# WHAT YOU WILL DO
When copying the data below, keep only the lines from the one with "Monogram Name Navy" through the one with "Vintage 5pc Nesting", word for word, and skip the pictures.

# RECORDED INFORMATION

□ □ □ □ □

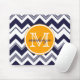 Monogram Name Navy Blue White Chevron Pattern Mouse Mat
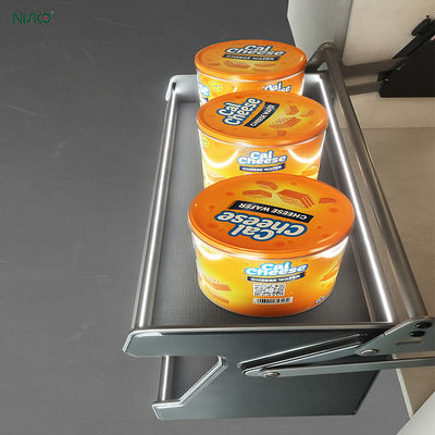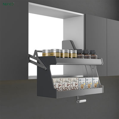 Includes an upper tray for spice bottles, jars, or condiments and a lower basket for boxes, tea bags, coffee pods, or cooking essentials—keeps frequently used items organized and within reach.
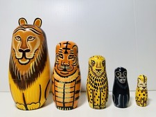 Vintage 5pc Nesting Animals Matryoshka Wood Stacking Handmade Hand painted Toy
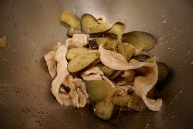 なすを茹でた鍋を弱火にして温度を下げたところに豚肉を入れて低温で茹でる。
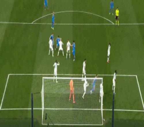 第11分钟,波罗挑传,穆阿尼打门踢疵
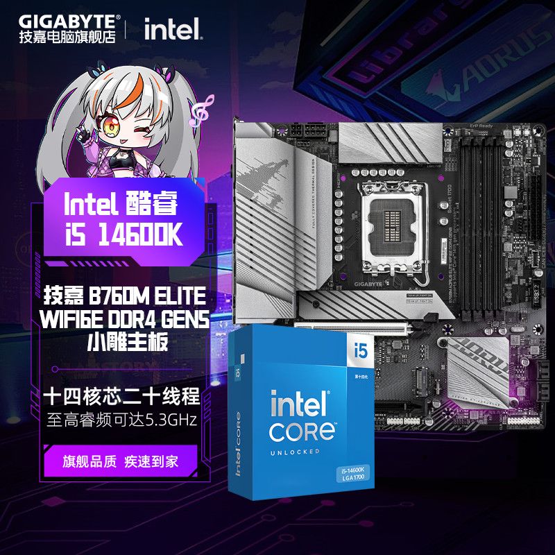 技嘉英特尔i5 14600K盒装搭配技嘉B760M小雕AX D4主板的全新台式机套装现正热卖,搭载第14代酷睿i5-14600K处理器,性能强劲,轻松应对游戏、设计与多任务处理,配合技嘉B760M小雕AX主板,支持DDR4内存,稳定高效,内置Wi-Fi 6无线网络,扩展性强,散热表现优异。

□ □ □ □ □

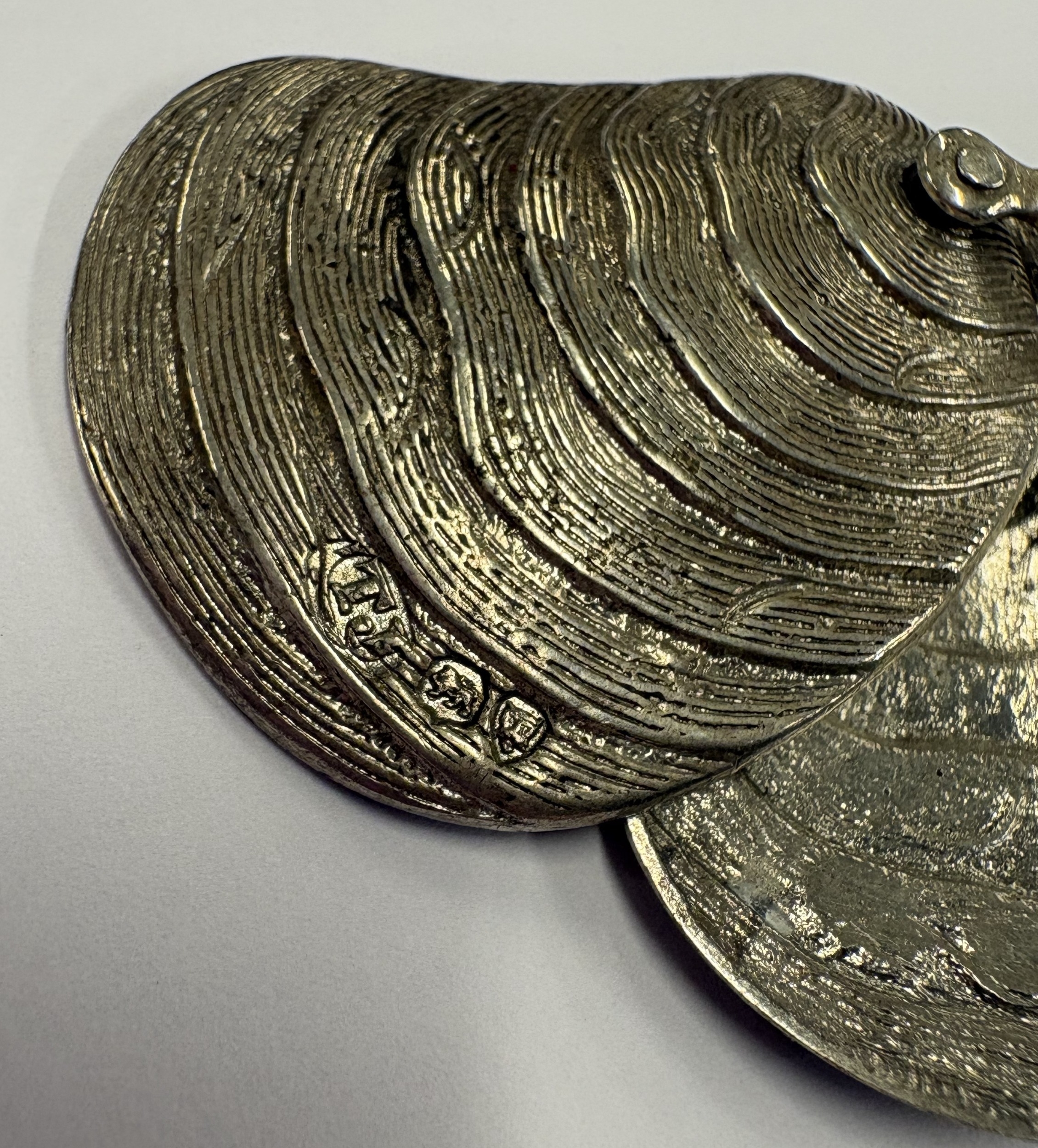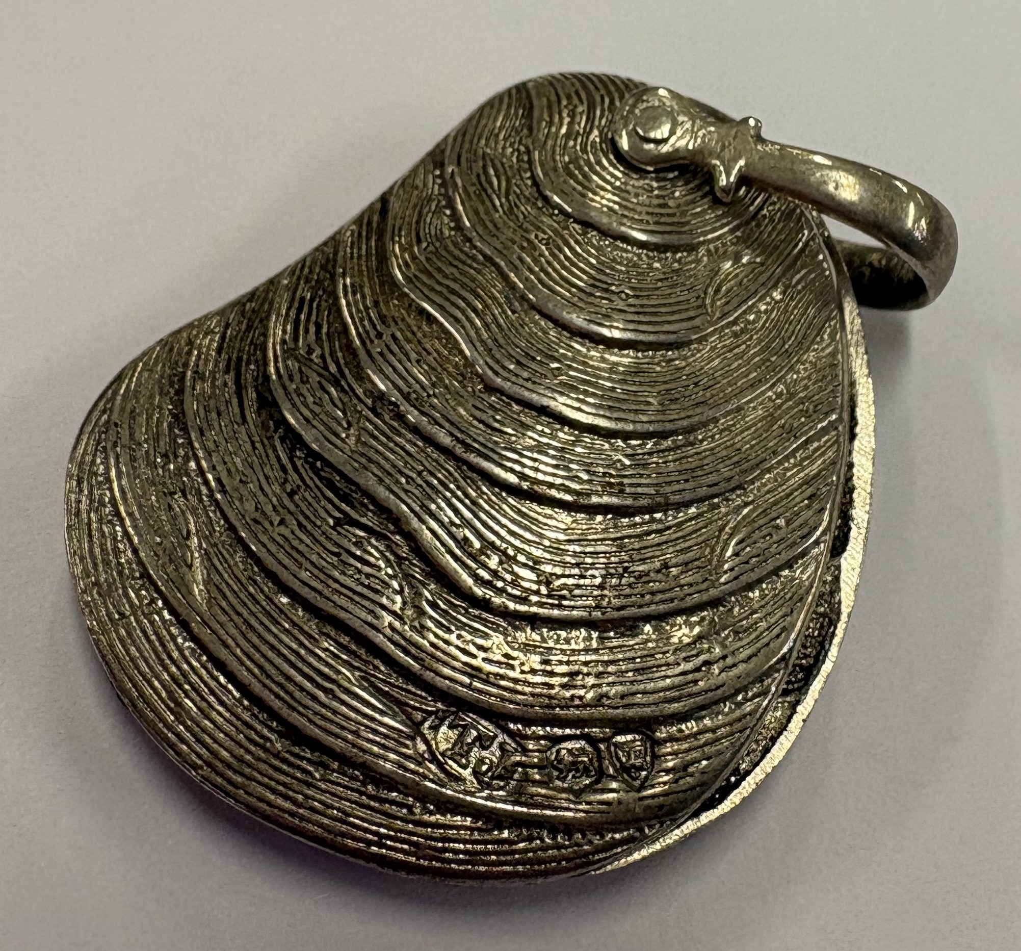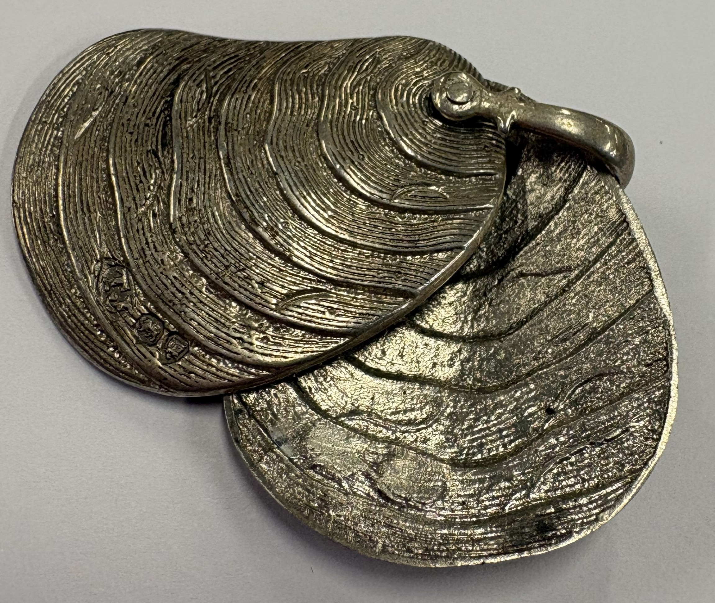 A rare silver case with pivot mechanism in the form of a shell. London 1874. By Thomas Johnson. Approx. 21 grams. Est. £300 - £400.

□ □ □ □ □

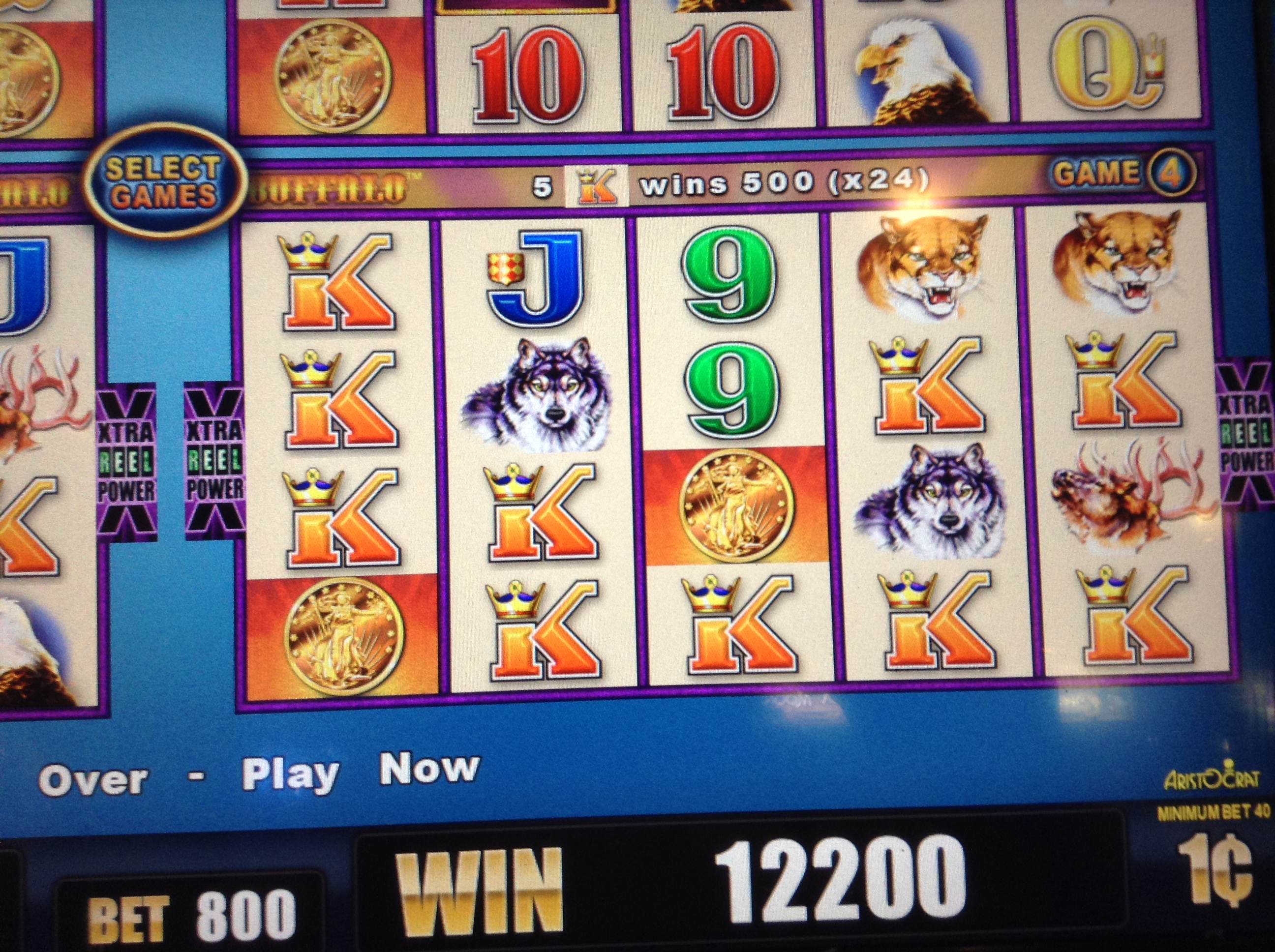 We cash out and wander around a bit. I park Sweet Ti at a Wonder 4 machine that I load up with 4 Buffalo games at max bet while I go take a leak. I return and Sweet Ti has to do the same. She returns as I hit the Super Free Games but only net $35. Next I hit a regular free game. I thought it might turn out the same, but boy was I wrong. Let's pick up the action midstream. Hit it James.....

□ □ □ □ □

# ANSWER AREA
 Monogram Name Navy Blue White Chevron Pattern Mouse Mat
 Includes an upper tray for spice bottles, jars, or condiments and a lower basket for boxes, tea bags, coffee pods, or cooking essentials—keeps frequently used items organized and within reach.
 Vintage 5pc Nesting Animals Matryoshka Wood Stacking Handmade Hand painted Toy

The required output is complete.